Inauguracja wiosennej rundy w Stawski Socer League – a ściślej kontynuacja rundy zasadniczej (do jej zakończenia pozostały trzy kolejki) nie przyniosła nie przyniosła niespodzianek. Chociaż może pewną niespodzianką jest zwycięstwo Dąbrovii Ustronianka nad Igloopoleem. Zespół Piotra Polaka i Jacka Kiełbasy po raz kolejny potwierdził, że ma aspiracje nawet na podium. Lider Stal Mielec wygrała pewnie, chociaż tylko nieznacznie 1-0 z Szymańskim, będąc zespołem wyraźnie lepszym i nie wykorzystując kilku dalszych okazji do zdobycia kolejnych bramek. Znakomicie dysponowany był bramkarz Szymańskiego – Robert Borg, który obronił w co najmniej trzech 100-proc sytuacjach (strzały Golem dwukrotnie, Wesierskiego, Gołąbka).

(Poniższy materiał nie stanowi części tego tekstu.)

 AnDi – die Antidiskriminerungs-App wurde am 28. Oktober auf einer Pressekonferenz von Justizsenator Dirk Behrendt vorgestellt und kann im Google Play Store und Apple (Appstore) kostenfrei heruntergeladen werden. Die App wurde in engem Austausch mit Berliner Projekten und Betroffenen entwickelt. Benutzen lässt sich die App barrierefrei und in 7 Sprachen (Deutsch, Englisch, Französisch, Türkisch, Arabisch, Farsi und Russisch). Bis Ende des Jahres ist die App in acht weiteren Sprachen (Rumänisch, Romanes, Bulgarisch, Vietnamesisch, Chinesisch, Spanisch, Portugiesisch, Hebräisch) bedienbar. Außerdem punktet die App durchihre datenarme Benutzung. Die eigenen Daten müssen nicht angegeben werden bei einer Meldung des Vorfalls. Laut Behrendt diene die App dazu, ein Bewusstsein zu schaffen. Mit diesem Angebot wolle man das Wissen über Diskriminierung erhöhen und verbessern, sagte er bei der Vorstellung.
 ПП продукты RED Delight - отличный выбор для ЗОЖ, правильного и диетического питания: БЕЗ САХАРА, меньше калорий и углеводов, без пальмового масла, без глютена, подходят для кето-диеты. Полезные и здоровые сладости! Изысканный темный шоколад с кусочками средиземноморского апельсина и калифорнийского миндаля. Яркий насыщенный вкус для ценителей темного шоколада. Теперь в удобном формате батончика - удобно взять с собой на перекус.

Zgodnie z zapowiedzią Zagłębie oddało punkty walkowerem Polonezowi.
STAL MIELEC – SZYMAŃSKI 1-0 (0-0)
Bramka: Marcin Wesierski
Dobra gra zespołu lidera, w którego zabrakło Mariusza Suchego (kontuzja nogi), Pawła i Krzysztofa Pytli (wakacje), Aleksiejczuka (wakacje). Szymański w praktyce cały czas się bronił.

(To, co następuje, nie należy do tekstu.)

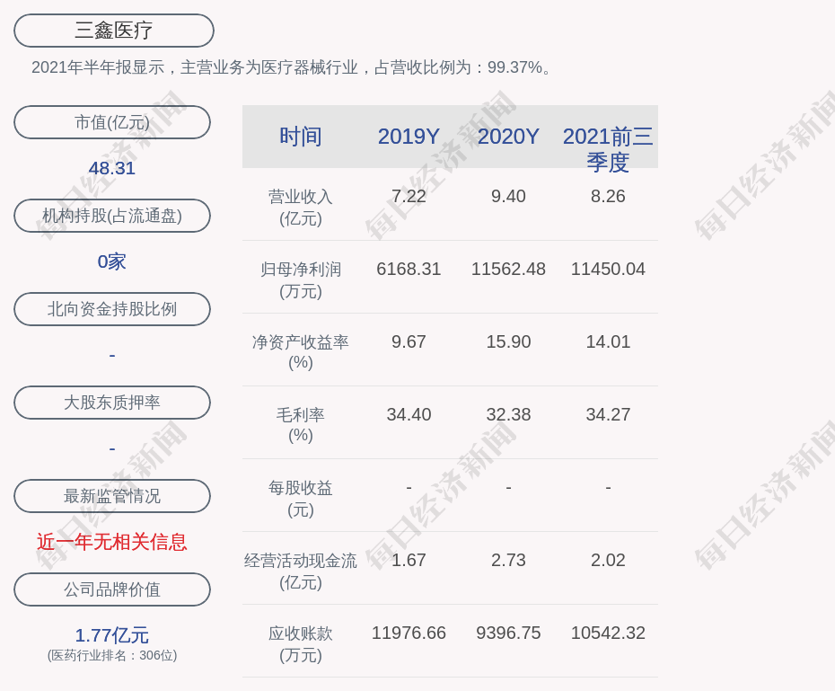 2021年半年报显示,三鑫医疗的主营业务为医疗器械行业,占营收比例为:99.37%。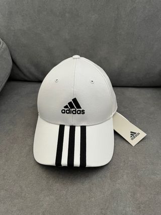 Gorra deportiva con el icónico diseño de Adidas. - Tres franjas negras en la visera. - Logo de Adidas en la parte frontal.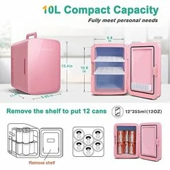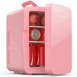 To start off, the fridge is super cute and a perfect size for all my needs! This can fit my lunch Tupperware, a full sized creamer, and it has storage in the door. The color is so cute and it does not make a sound! I seriously forget it is there and I can leave it on my desk at the office without anyone noticing it is there. The only downside which really sucks is that it does not get that cold! Cold enough just to keep the items from perishing, but not enough to keep anything ice cold ? it’s a solid option for the money though and it would be perfect for use as a skincare fridge.

Tak pada jedyna bramka w meczu Stali z Szymańskim, zdobyl ją Marcin Wesierski (nr 10) Foto – Jacek Jówko
Trener Stali Mielec Jarosław Cwanek: – Jak zwykle na inaugurację sezonu pierwszy mecz był ciężki . Mieliśmy sporo niewykorzystanych sytuacji – zwłaszcza w pierwszej połowie, kiedy powinniśmy prowadzić kilkoma bramkami. Dodatkowo sędziowie na początku meczu nie odgwizdali dla nas kilku fauli i nie zauważyli faulu w polu karnym na naszym nowym zawodniku Ligosie, Tym niemniej jestem zadowolony, bo start w sezonie zawsze jest trudny.
HETMAN – KRYSTYNA’S TEAM 4-0 (3-0)
Bramki: Michał Wiater 2, Henryk Sweder, Paweł Szawkało
Już po 15 mon. Hetman prowadził 3-0 i sprawa końcowego zwycięstwa tego zespołu była przesądzona. W 1 min. prowadzenie zdobył Henryk Sweder, w 4 min podwyższył na 2-0 Michał Wiater, a w 14 min, ten sam zawodnik na 3-0.
W I połowie Hetman grał z wiatrem, po zmianie stron pod wiatr i wtedy gra wyraźnie siadła.
W zespole Krystyna’s Team zabrakło najlepszego strzelca, Łukasza Mikołajczaka, który po sezonie halowym spędzonym w Zagłębiu w lidze National, nie dopełnił jeszcze formalności i pomimo obecności na ławce, nie mógł zostać wpuszczony do gry
Menedżer Krystyna’s Tomasz Pleszyk: Pokazało się sporo nowych zawodników, mamy szeroką kadrę. Ale nasi jeszcze muszą się zgrać. Na razie brak jakiejkolwiek koordynacji. Przeciwnik był na pewno lepszy. Było kilka akcji , ale nic z tego nie wyszło. Łukasza Mikołajczaka nie mogłem wpuścić do gry, bo nie odebrał jeszcze z Zagłębia swojego passa. Cały czas z nami trenował, ale jakoś nie mógł w stanie załatwić najprostszych kwestii ,dlatego nie mogłem go wpuścićdo gry, bo na razie jest formalnie zawodnikiem Krystyna’s Team.
IGLOOPOL – DĄBROVIA USTRONIANKA 0-2 (0-0)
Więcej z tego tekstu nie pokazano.